Writing on his blog when the government first issued the bond note in 2016 — ostensibly to cover the gap created by the shortage of US dollar notes and coins — Magaisa said the surrogate currency was only going to work if the public embraced it.
Although people accepted the bond notes at the beginning, following government assurances that they were backed by a $500 million African Export Import Bank guarantee, the trust was lost when the Harare administration’s appetite for printing money went into overdrive and started to print more and more of the surrogate notes.
Monetary authorities had assured the nation that the official exchange rate between bond notes and US dollar would be pegged at 1:1 because of the Afreximbank guarantee.
“But I’m certain that many Zimbabweans would be happy to hear that Afreximbank has offered Zimbabwe a facility to guarantee 1:1 convertibility of RTGS balances into US dollars,” he said at the time.
The Zimbabwe dollar has depreciated by 564% to date since its introduction in February this year due to lack of market confidence and nothing to back it in terms of gold reserves and export earnings.
In February, government adopted electronic money as a local currency and called it the RTGS dollar, which operated alongside the bond note and multiple foreign currencies at a rate of US$1: ZWL$2.50.
However, this currency was later abandoned after monetary authorities decreed, in June, the Zimdollar as the sole legal tender.
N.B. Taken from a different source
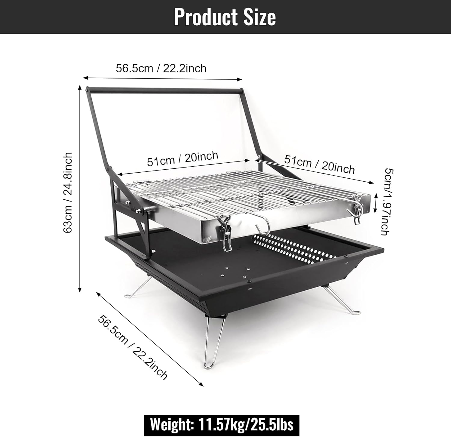 - 【Safe and Secure】The grill grate is made of food-grade 304 stainless steel for safety, reliability and durability.Clasps on grill can be locked to hold food in place when turning over.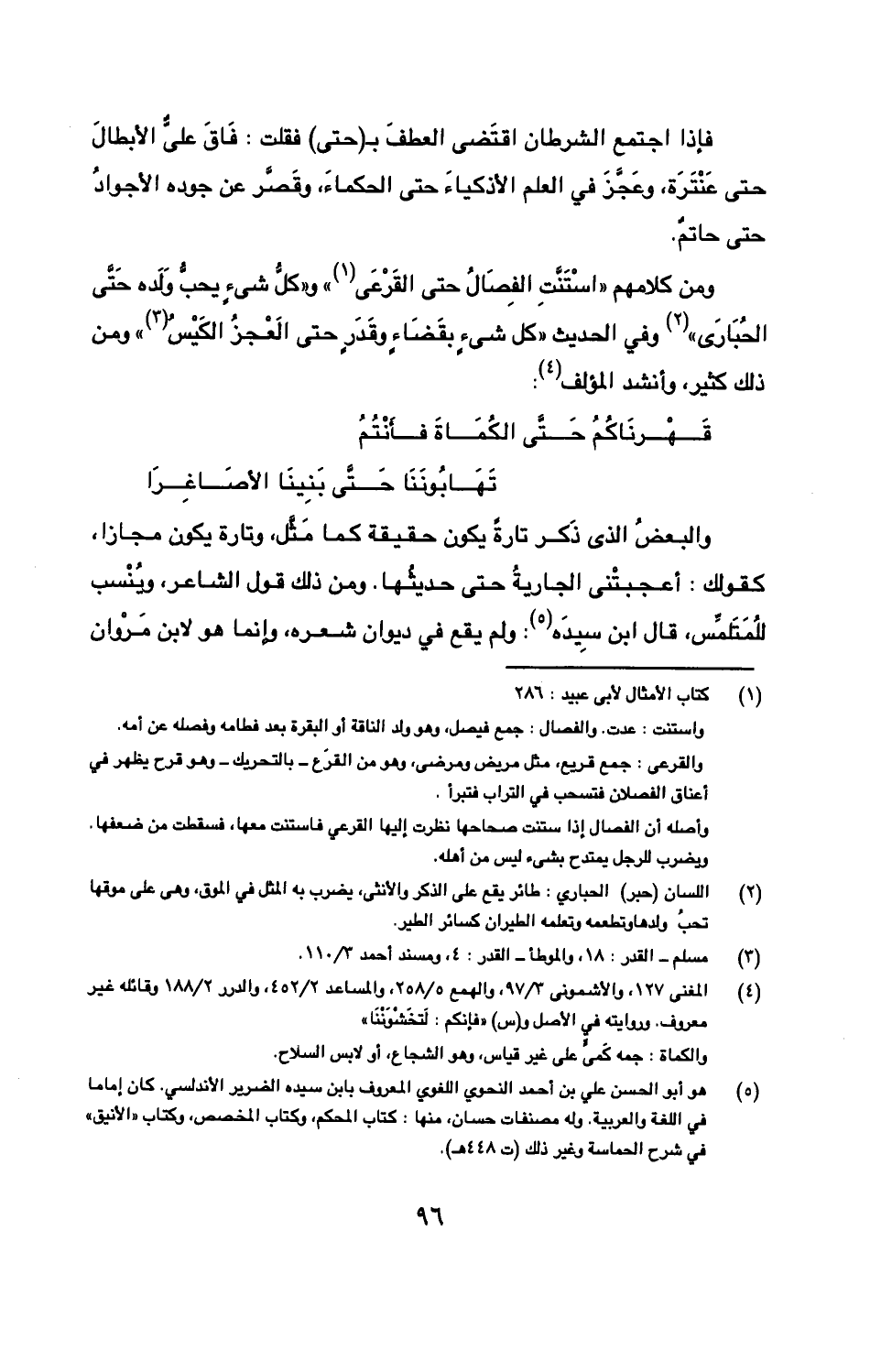 ومن كلامهم "استنت الفصال حتى ألقرعي" و "كل شيء يحب ولده حتى الحباري" وفي الحديث "كل شيءٍ بقضاءٍ وقدرٍ حتى العجز الكيس" ومن ذلك كثير، وأنشد المؤلف:

The depreciation of the Zimdollar was confirmed in the United States Food Insecurity Department, FEWSNET’s October 2019 to May 2020 Food Security Outlook report released at the beginning of this month.
FEWSNET stated that as of late October, the local currency had depreciated by over 520% since February 2019, when the interbank market was introduced.
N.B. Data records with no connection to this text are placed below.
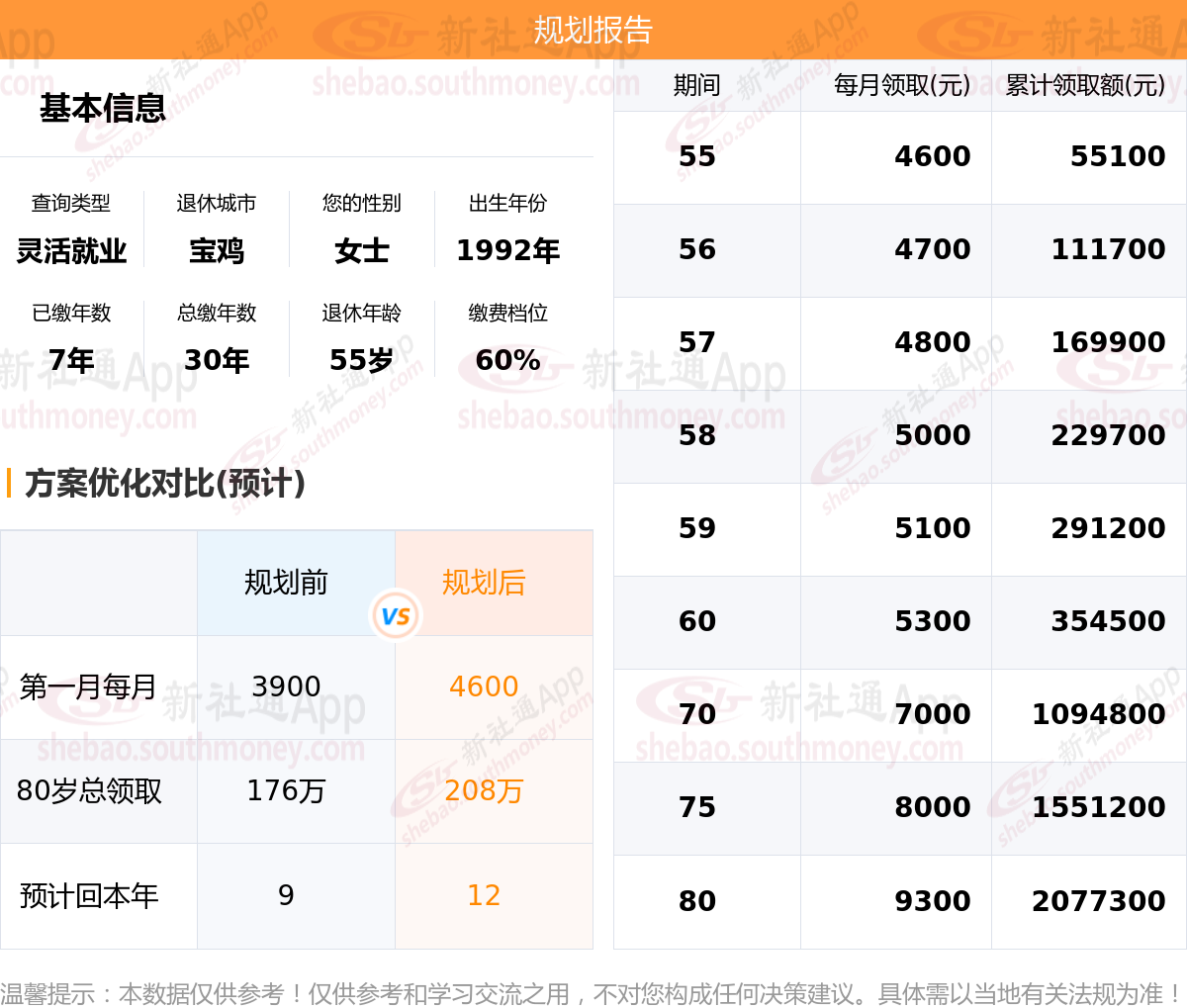 规划前:55岁第一个月约领3900元,新社通APP-养老金规划后:55岁第一个月约领4600元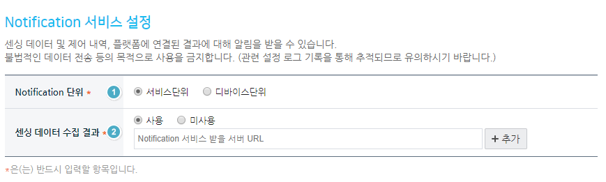 - 서비스 하위의 디바이스에서 센싱 데이터가 수집될 때 마다 그 결과를 등록한 URL로 전송합니다.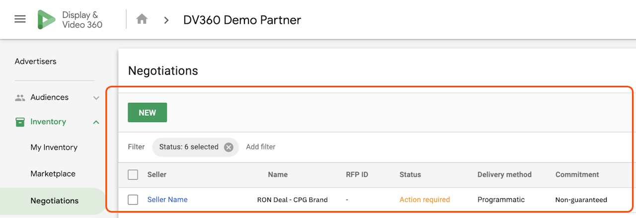 Buyers can find the deal through a few identifying factors in the Negotiations screen of the DV360 UI: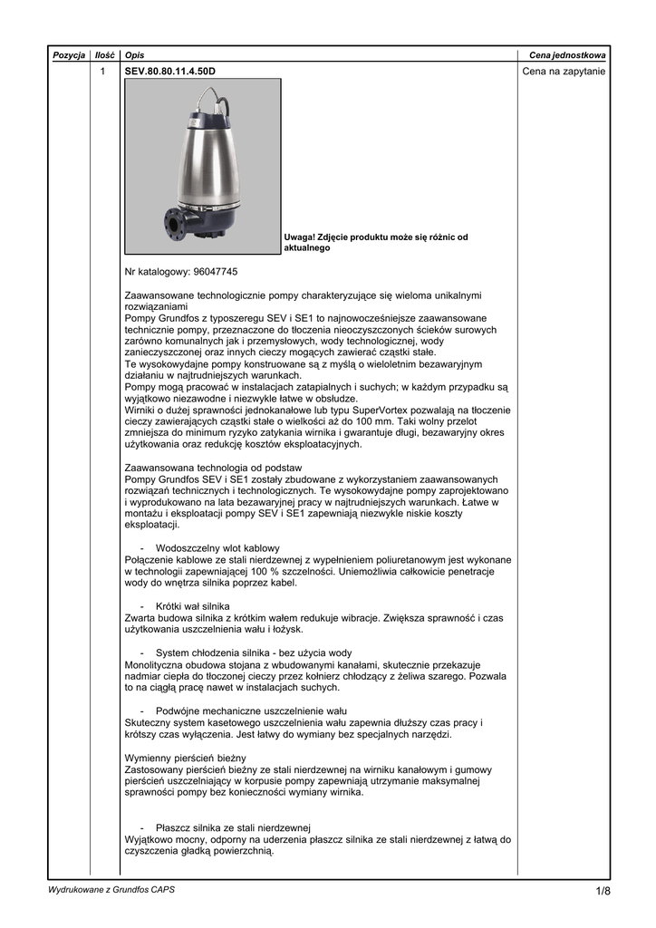 1 Cena na zapytanie SEV.80.80.11.4.50D Nr - Eko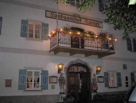 It certainly seems a charming place to stay. At 8:30 we sat down for dinner at their restaurant called Karner [Nussbaumstra�e 6, Frasdorf, +49-80-521-7970.] I took these shots of their indoor dining area.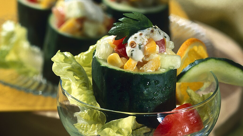 - Salátovou směsí naplníme připravené okurkové soudky a vložíme je do lednice asi na půl hodiny vychladit. Vychlazené je přelijeme rokfórovým dresinkem a ozdobíme listy hlávkového salátu a lístkem celeru.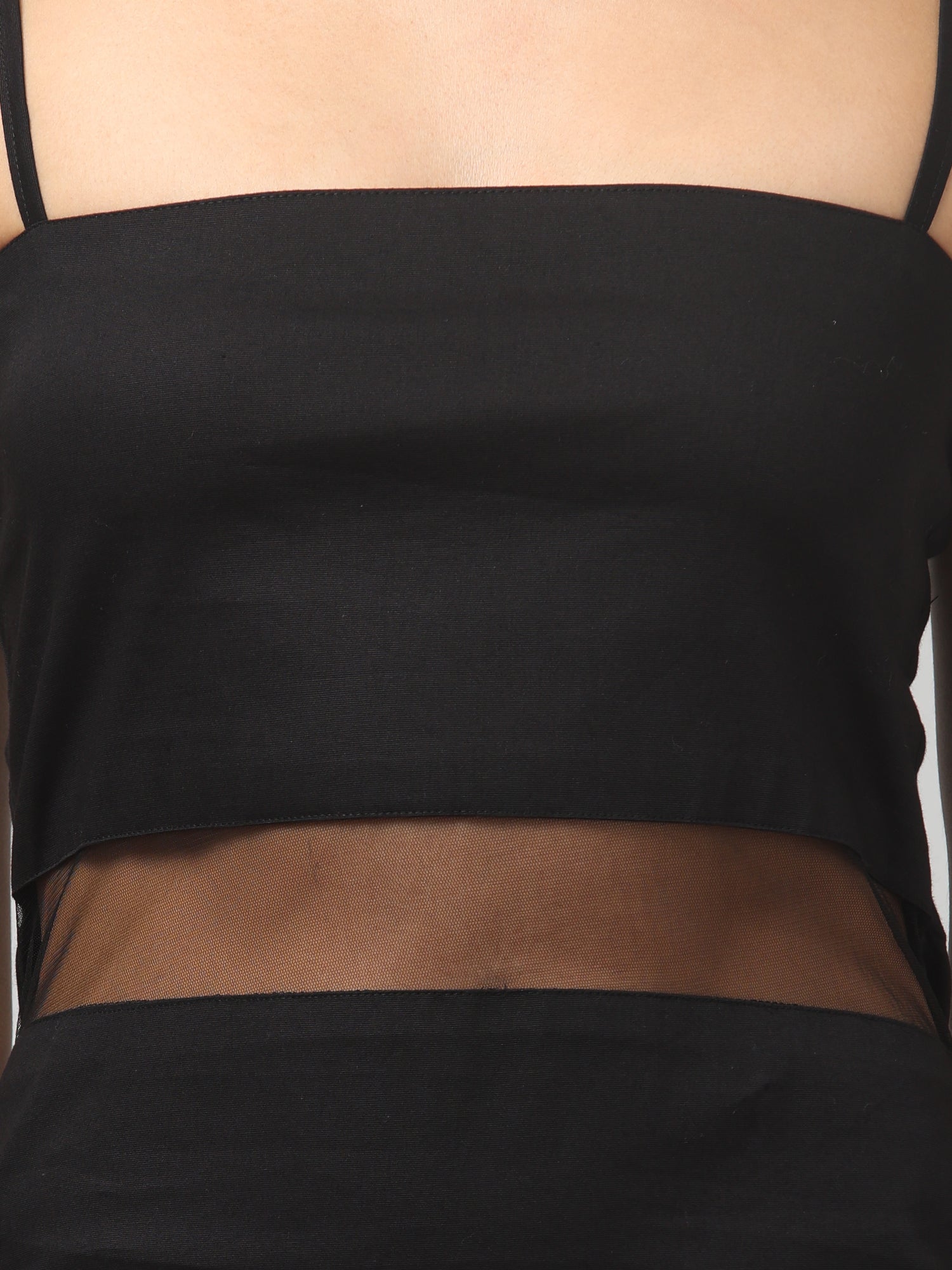 The Midnight Illusion Dress is a bold and minimalistic black bodycon mini that embodies modern confidence and after-dark elegance. With a sleek silhouette, delicate spaghetti straps, and a sheer mesh midriff panel, this dress plays with contrast and structure while keeping the overall look effortlessly polished. It’s designed for the woman who isn’t afraid to turn heads — subtle in cut, striking in execution.

As a result, businesses started selling their goods or services at high premiums using electronic money and discounted prices for those using cash.
“Shortages of the local currency (bond notes and coins) have resulted in the notes and coins being sold at premium rates as high as 40% to 60% against mobile and electronic money transfers on the black market,” the FEWSNET report added.
As the economic chill continues to bite, many Zimbabweans have lost hope of the economy experiencing a rebound under Mnangagwa, who has continued to assure the nation that his government was on the right path and the fruits of their economic policies would soon start to blossom.